Closed dimitar-petrov closed 5 months ago
Hi @dimitar-petrov
Many thanks for the report.
We have a k-merge algorithm under the hood in the Rust backend session which should ensure non-decreasing timestamps as it reads from multiple parquet sources.
It's possible that this is a timestamping issue with the logging and not the data, are you able to log the actual ts_init
of the data, or add an assertion in your strategy to check that data isn't being received out of order?

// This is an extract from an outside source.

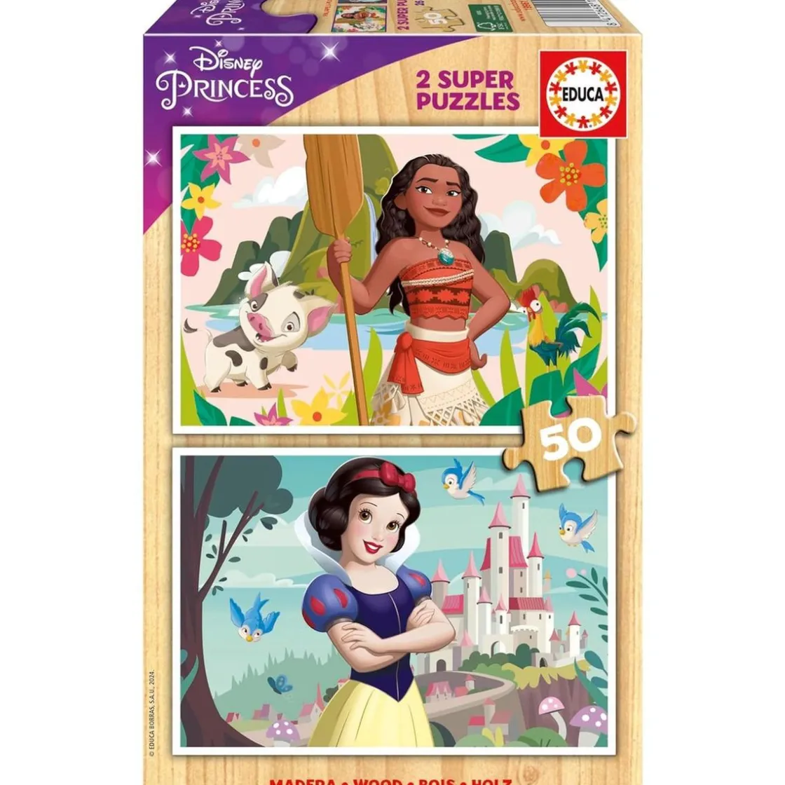 Educa Borras – Princesas Disney – Puzzle Doble Princesas Disney de Madera 50 Piezas ㅤ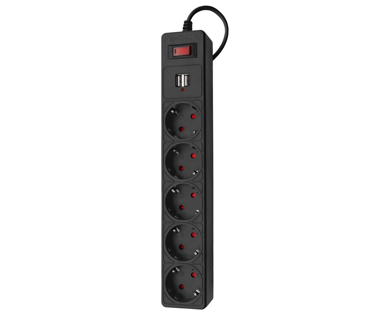 Сетевой фильтр SmartBuy SBSP-18U-K с USB, 10А, 2 200 Вт, 5 розеток, длина 1,8м, черный

Also, we generally only investigate bug reports on the latest stable version which is currently 1.188.0, and I notice you're back on what looks like 1.175.0 (and there have been a tonne of fixes, especially in the last release).
Hi @cjdsellers,
It's possible that this is a timestamping issue with the logging and not the data, are you able to log the actual
ts_init
of the data, or add an assertion in your strategy to check that data isn't being received out of order?
I am logging the ts_init actually but you are correct that logging can still print out of order. Will do the assertion in the strategy, that sounds like a great idea.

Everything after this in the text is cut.